EXTRACTED INFORMATION →
+===+
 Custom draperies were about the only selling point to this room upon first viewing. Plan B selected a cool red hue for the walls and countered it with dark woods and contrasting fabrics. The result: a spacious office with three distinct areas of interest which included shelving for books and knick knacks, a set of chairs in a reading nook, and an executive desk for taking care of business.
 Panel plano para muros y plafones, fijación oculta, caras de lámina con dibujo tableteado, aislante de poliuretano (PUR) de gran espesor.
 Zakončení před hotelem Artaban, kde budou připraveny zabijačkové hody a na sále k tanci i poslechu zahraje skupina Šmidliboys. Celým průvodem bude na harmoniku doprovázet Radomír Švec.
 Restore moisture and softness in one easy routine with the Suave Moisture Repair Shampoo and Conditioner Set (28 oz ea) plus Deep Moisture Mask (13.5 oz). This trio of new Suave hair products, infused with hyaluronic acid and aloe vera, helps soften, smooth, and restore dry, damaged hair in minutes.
+===+
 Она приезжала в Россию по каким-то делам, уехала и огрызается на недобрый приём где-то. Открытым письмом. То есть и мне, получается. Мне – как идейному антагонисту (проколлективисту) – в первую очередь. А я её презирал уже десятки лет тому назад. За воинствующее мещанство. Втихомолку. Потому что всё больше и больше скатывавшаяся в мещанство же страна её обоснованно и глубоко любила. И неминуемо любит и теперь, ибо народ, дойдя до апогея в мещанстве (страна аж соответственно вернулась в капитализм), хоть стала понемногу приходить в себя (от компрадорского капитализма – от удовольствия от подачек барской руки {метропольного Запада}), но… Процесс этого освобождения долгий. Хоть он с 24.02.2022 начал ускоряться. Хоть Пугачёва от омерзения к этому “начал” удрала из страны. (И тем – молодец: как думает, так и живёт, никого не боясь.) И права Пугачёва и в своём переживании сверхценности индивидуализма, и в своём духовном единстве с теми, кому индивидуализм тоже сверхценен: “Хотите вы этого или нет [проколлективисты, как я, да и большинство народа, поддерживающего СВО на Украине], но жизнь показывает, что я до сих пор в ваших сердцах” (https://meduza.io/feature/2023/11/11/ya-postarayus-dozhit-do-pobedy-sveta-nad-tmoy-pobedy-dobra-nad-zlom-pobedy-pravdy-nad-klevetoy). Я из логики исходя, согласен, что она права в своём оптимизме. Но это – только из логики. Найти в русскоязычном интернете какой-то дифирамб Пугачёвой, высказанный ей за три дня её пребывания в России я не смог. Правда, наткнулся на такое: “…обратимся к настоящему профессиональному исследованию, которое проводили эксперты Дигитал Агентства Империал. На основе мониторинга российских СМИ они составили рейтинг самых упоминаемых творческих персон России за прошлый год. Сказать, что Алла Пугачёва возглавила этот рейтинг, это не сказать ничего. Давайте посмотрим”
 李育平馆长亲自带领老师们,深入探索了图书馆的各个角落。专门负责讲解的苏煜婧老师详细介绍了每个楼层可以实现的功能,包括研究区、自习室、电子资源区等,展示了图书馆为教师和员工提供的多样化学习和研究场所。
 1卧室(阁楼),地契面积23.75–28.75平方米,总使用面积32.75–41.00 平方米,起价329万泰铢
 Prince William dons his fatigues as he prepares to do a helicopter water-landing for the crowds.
+===+
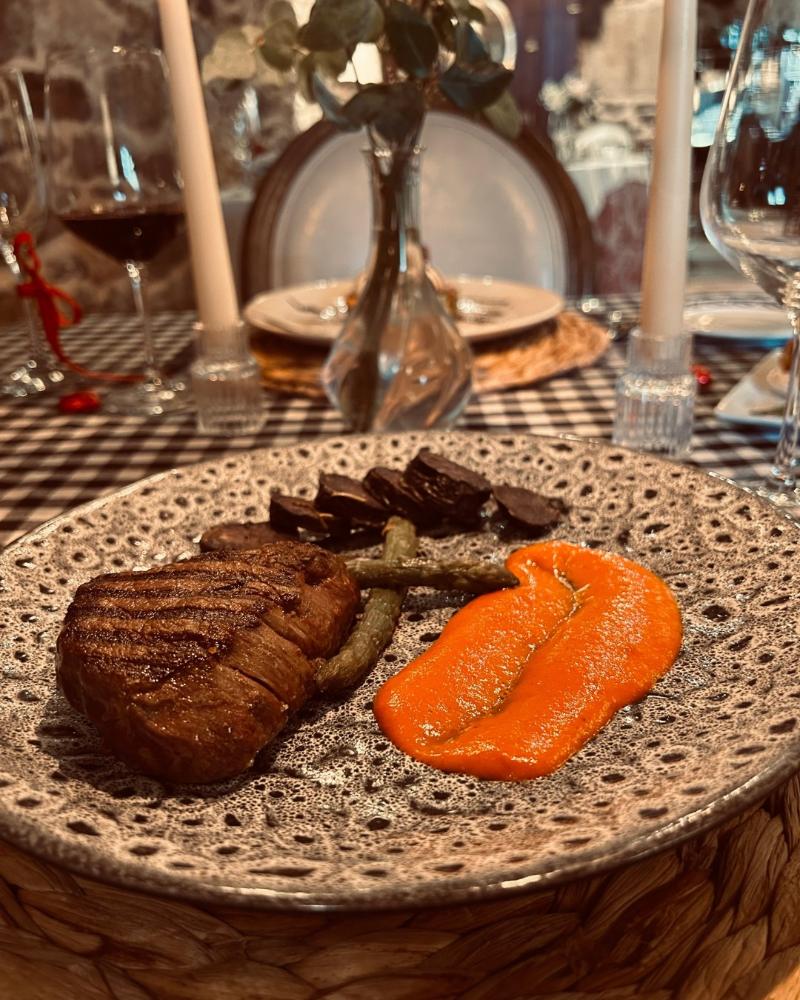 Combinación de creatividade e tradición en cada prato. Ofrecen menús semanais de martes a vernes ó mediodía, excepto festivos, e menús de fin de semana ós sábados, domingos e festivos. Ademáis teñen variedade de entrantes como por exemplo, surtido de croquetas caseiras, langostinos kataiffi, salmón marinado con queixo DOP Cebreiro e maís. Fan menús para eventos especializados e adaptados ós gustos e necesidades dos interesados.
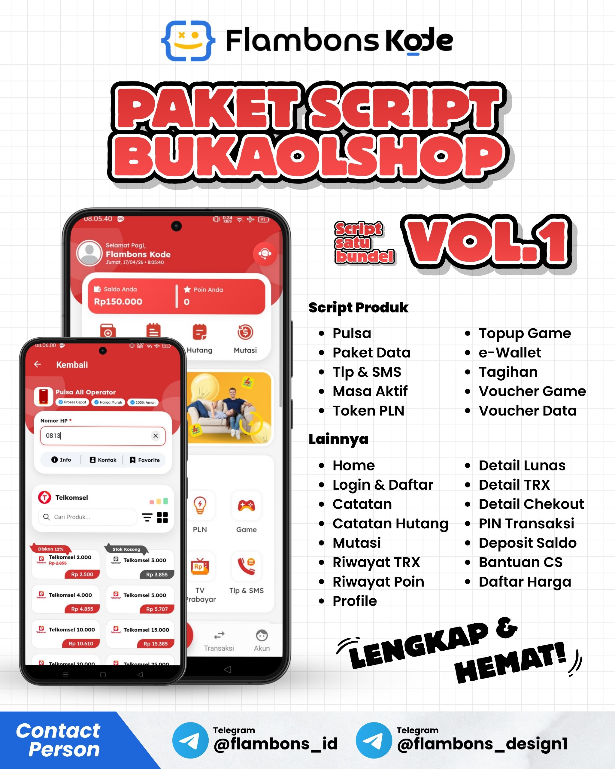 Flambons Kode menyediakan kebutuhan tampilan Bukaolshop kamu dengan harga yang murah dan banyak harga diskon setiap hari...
+===+
EXERCISE BRIEF → Of all the entries above, repeat only the lines from the line that has "Zakončení před hotelem" to the line that has "Restore moisture and", both lines included, exactly.

RESULT FOR THIS EXERCISE →
 Zakončení před hotelem Artaban, kde budou připraveny zabijačkové hody a na sále k tanci i poslechu zahraje skupina Šmidliboys. Celým průvodem bude na harmoniku doprovázet Radomír Švec.
 Restore moisture and softness in one easy routine with the Suave Moisture Repair Shampoo and Conditioner Set (28 oz ea) plus Deep Moisture Mask (13.5 oz). This trio of new Suave hair products, infused with hyaluronic acid and aloe vera, helps soften, smooth, and restore dry, damaged hair in minutes.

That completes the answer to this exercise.